[Source data]
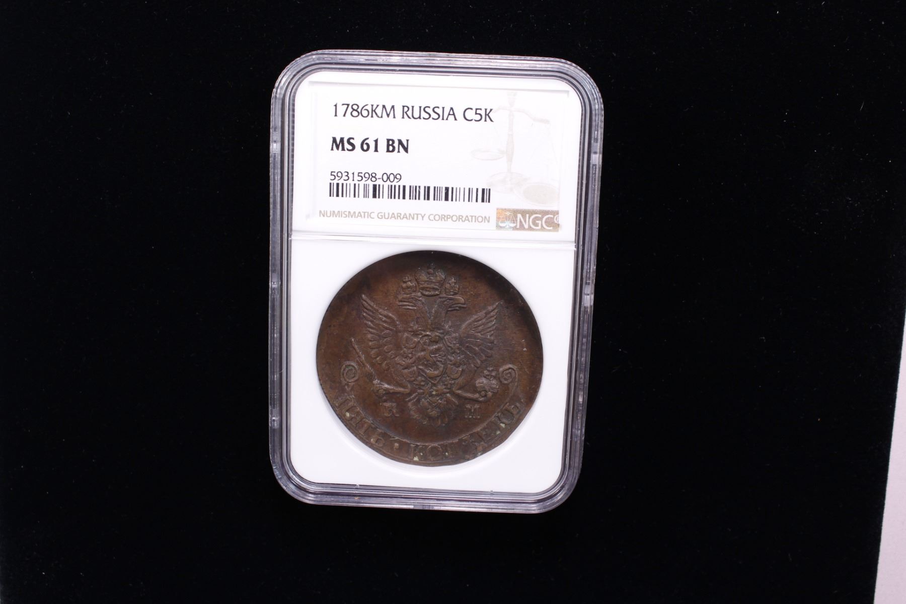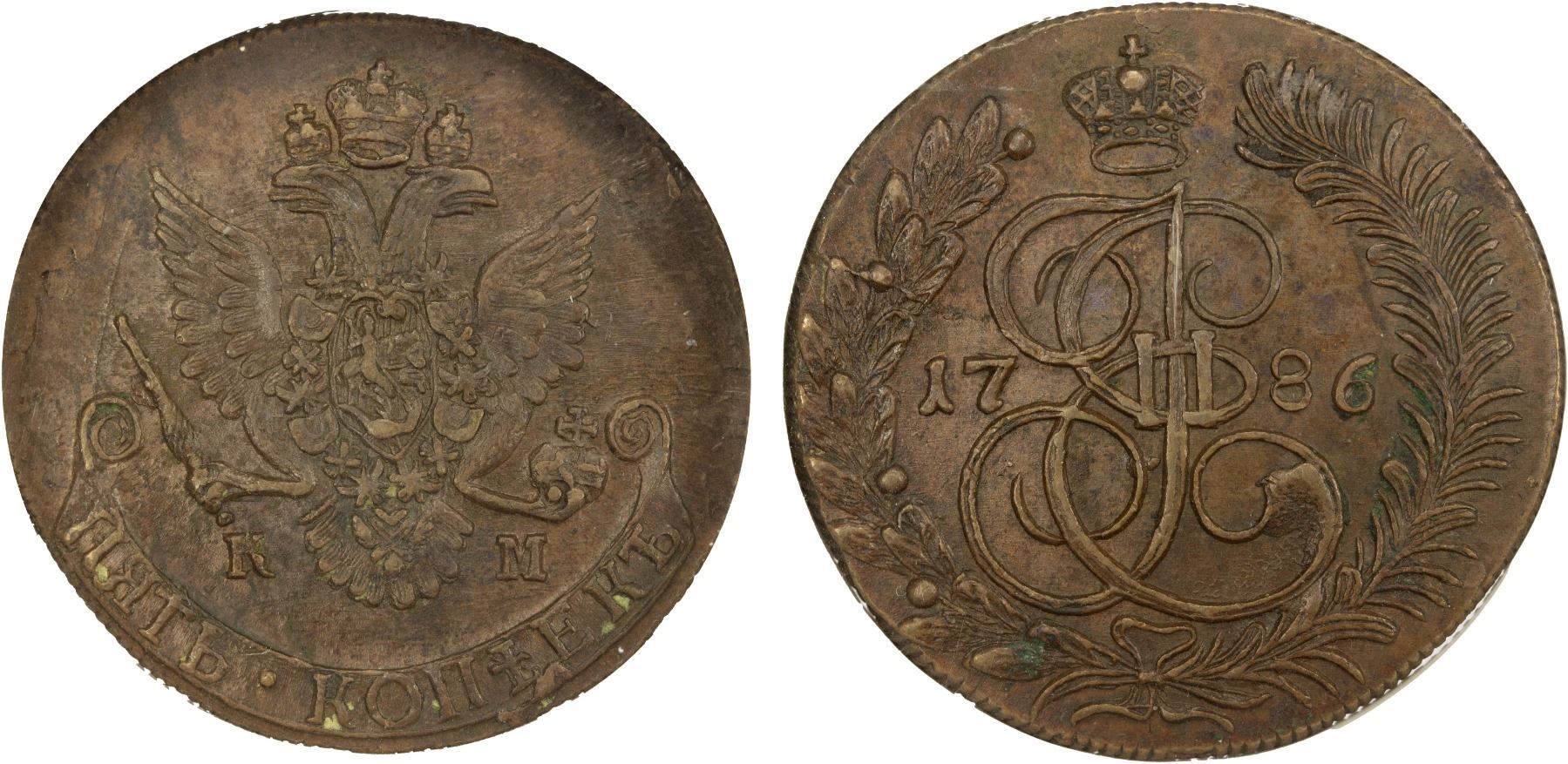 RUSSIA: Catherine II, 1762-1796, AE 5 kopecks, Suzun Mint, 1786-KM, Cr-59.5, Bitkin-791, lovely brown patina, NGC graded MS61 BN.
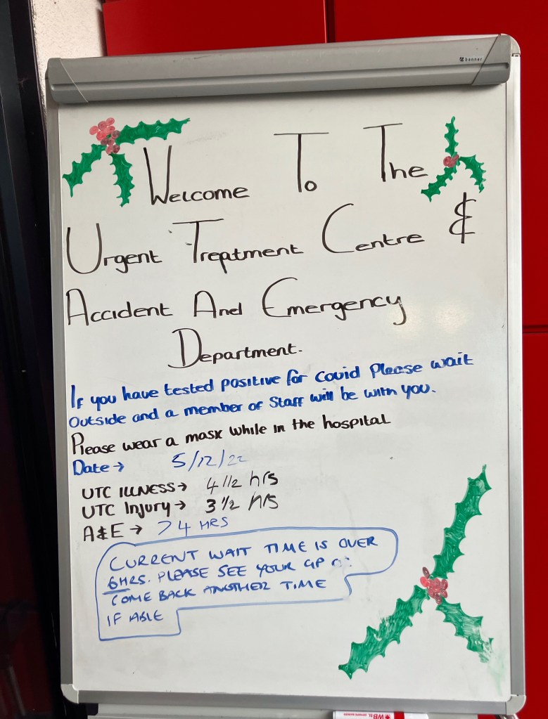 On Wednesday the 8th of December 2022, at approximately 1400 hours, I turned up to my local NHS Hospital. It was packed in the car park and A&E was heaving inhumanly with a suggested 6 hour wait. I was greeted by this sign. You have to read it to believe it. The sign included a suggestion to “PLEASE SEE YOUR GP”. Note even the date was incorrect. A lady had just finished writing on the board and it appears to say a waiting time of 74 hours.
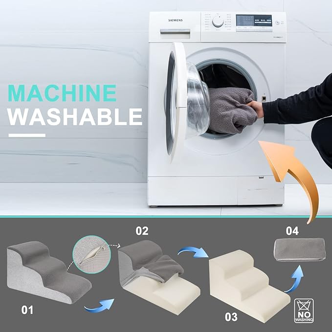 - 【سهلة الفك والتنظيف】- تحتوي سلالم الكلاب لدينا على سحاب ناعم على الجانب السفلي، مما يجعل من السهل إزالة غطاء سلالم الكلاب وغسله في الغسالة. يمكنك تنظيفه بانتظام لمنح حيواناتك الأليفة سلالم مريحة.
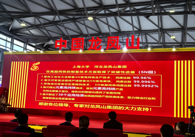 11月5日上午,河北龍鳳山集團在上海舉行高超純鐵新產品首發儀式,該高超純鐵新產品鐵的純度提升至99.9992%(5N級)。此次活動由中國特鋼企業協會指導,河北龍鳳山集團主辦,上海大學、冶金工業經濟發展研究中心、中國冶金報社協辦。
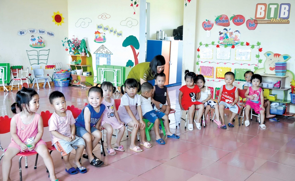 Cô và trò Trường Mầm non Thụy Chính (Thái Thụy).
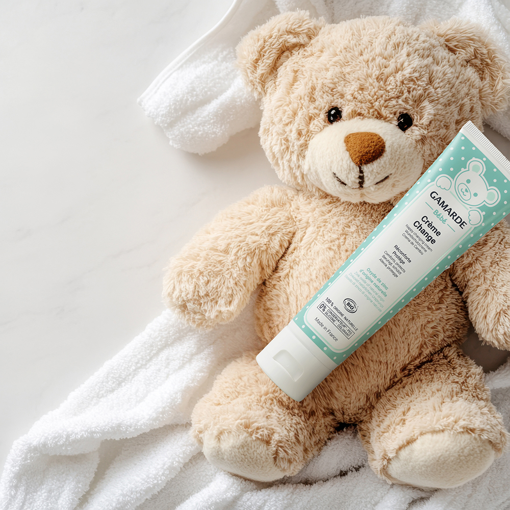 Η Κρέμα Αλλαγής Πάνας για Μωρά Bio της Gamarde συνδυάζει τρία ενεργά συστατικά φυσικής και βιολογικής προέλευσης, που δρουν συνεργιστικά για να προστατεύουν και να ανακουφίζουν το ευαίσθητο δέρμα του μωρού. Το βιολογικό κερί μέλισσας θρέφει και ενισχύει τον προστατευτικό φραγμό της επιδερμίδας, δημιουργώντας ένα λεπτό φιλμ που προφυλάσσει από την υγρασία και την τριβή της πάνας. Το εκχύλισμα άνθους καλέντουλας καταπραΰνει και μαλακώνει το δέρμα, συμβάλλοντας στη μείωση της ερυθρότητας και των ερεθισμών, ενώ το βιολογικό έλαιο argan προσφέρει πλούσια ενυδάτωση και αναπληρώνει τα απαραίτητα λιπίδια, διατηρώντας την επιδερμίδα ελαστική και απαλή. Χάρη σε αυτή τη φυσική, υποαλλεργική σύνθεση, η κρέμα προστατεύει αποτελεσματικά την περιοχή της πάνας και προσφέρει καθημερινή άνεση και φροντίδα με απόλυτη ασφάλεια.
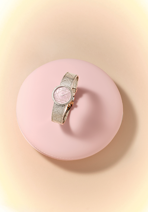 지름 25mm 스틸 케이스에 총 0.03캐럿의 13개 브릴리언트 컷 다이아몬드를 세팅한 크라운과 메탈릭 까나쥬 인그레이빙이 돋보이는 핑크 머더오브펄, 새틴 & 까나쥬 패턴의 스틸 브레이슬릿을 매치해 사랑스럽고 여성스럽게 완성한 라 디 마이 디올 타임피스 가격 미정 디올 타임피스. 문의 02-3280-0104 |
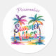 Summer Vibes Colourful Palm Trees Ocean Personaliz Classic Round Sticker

→ **ACTIVITY**:
With the pictures left out, copy exactly the lines from the line holding "지름 25mm 스틸 케이스에" through the final line of the records, including both.

→ **SOLUTION TO THIS EXERCISE**:
 지름 25mm 스틸 케이스에 총 0.03캐럿의 13개 브릴리언트 컷 다이아몬드를 세팅한 크라운과 메탈릭 까나쥬 인그레이빙이 돋보이는 핑크 머더오브펄, 새틴 & 까나쥬 패턴의 스틸 브레이슬릿을 매치해 사랑스럽고 여성스럽게 완성한 라 디 마이 디올 타임피스 가격 미정 디올 타임피스. 문의 02-3280-0104 |
 Summer Vibes Colourful Palm Trees Ocean Personaliz Classic Round Sticker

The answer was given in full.